While living in seclusion near Hamburg he composed some of his finest works, among them six violin duets, which he prefaced with the words: “This work is the fruit of leisure afforded me by misfortune. Some of the pieces were dictated by trouble, others by hope.” At one time he embarked in a mercantile enterprise, in London, his transactions being regulated by the strictest integrity, but, as was inevitable, he soon returned to Paris and his art. After he had abandoned the concert room one of his greatest pleasures was in improvising violin parts to the piano performances of his friend, Madame Montegerault, to the delight of all present. He never had more than seven or eight pupils, but his influence has been widely felt. Many anecdotes are told of his kindness and generosity, and it is an interesting fact that among those who sought his advice and patronage was no less a personage than Rossini.
It must be because genius is little understood that its manifestations have so often been attributed to evil influences. The popular mind could only explain the achievements of the Genoese wizard of the bow, Nicolo Paganini (1784-1840) by the belief that he had sold himself body and soul to the devil who stood ever at his elbow when he played. When, after a taxing concert season, the weary violinist retired to a Swiss monastery for rest and practice amid peaceful surroundings, rumor had it that he was imprisoned for some dark deed. To crown the delusion, his spectre was long supposed to stalk abroad, giving fantastic performances on the violin. It is his apparition Gilbert Parker conjures up in “The Tall Master.”

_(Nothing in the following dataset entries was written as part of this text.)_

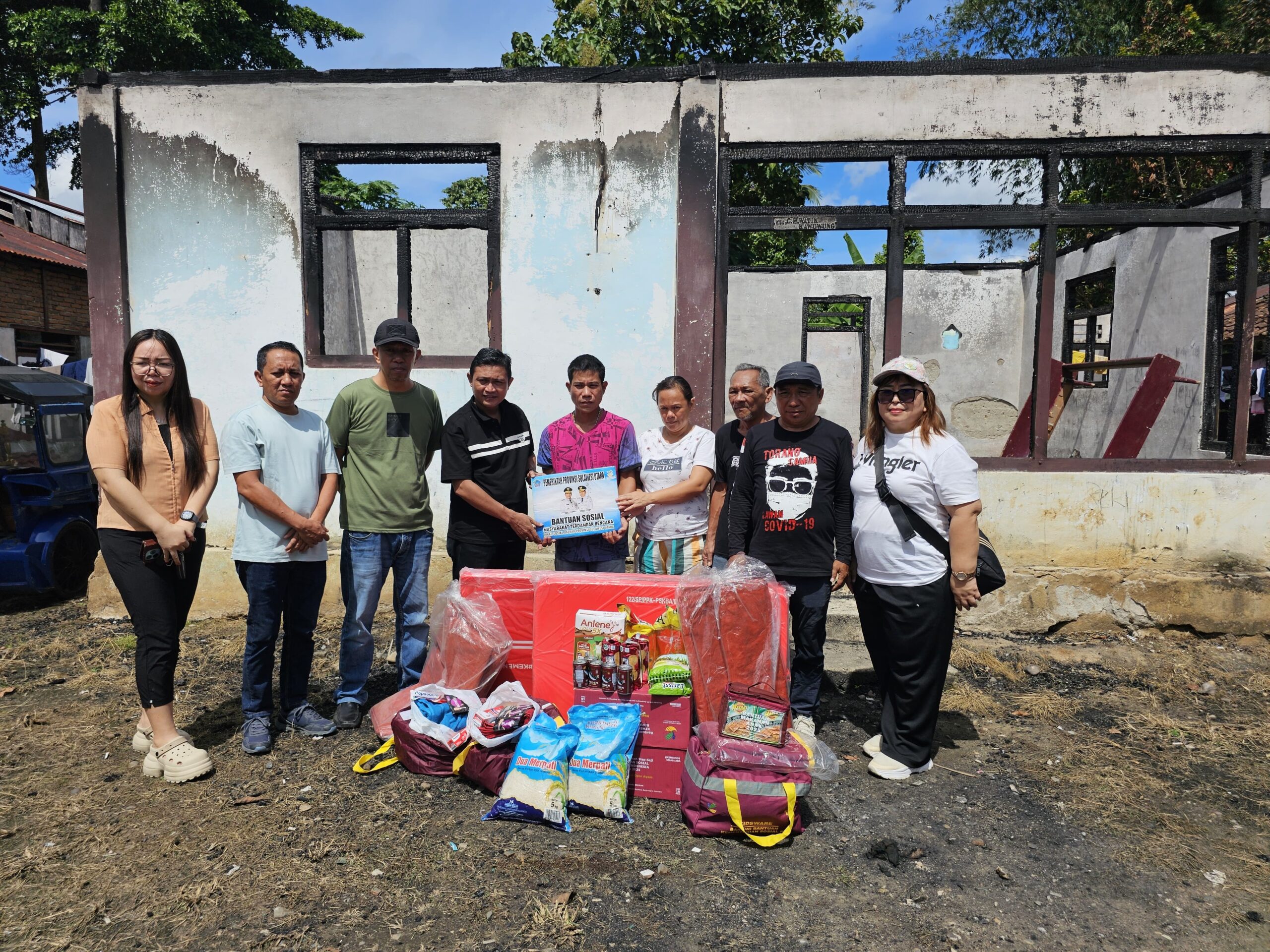 Bantuan yang berasal dari Dinas Sosial Provinsi Sulawesi Utara ini diperuntukkan bagi dua kepala keluarga yang tinggal dalam satu unit rumah yang ludes dilalap api pada Selasa, 25 November 2025 lalu.
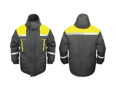 Размерный ряд представлен разными вариантами, согласно типовым мужским и женским фигурам. Фасон - прямой, для женщин - удлиненный. Внутри куртки есть поясной шнурок, что позволяет самостоятельно отрегулировать силуэт. Форменная одежда с вышитым логотипом предприятия выполнена в корпоративных цветах Мострансавто (в желтом и сером), имеет световозвращающие полосы.
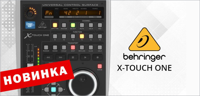 Лінійка універсальних контролерів компанії Behringer поповнилася новинкою — X-TOUCH ONE. Пристрій призначений для управління робочою станцією через протоколи HUI або Mackie. Випущений контролер оснащений сенсорним моторизованим фейдером та поворотним енкодером. Також в ньому є один регулятор і 34 кнопки, LCD дисплей та світлодіодний індикатор.
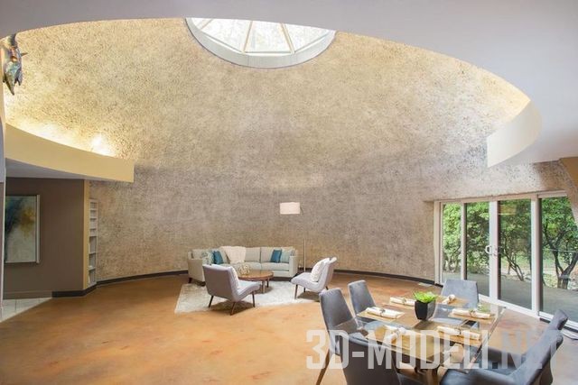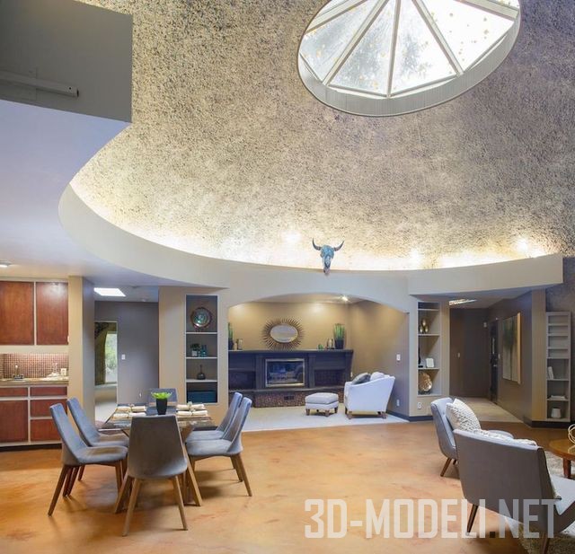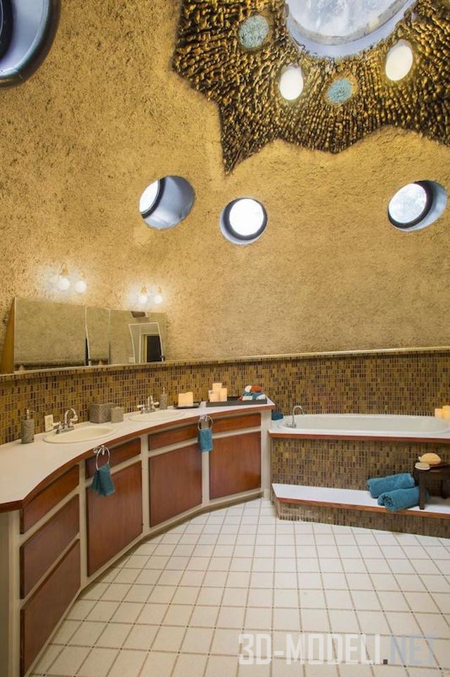 Ведь есть что-то знаковое в том, как потолки соединительных конструкций отрезали, чтобы открыть вершину самого большого купола, который расположен над гостиной. Меньшие купола включают в себя кухню, спальню и главную ванную комнату с гидромассажной ванной, окруженной фреской, подобной древнеримской.

Paganini is described as a man of tall, gaunt figure, melancholy countenance and highly wrought nervous temperament. His successors have all profited by his development of the violin’s resources, the result of combined genius and labor. He was practically a pioneer in the effective use of chords, arpeggio passages, octaves and tenths, double and triple harmonics and succession of harmonics in thirds and in sixths. His long fingers were of invaluable service to him in unusual stretches, and his fondness for pizzicato passages may be traced to his familiarity with the twang of his father’s mandolin. He shone chiefly in his own compositions, which were written in keys best suited to the violin. Students will find all that he knew of his instrument and everything he did in his Le Stregghe (The Witches), the Rondo de la Clochette, and the Carnaval de Venise, which have been handed down precisely as he left them in manuscript.
Signora Calcagno, who at one time dazzled Italy by the boldness and brilliancy of her violin playing, was his pupil when she was seven years old. The only other person who could boast having direct instructions from him was his young fellow townsman, Camillo Ernesto Sivori (1815-1894), who was in his day a great celebrity in European musical centres, and who was familiar to concert-goers in this country, especially in Boston, during the late forties and early fifties. He was thought to produce a small but electric tone, and to play invariably in tune. To him his master willed his Stradivarius violin, besides having given him in life the famous Vuillaume copy of his Guarnerius, a set of manuscript violin studies and a high artistic ideal.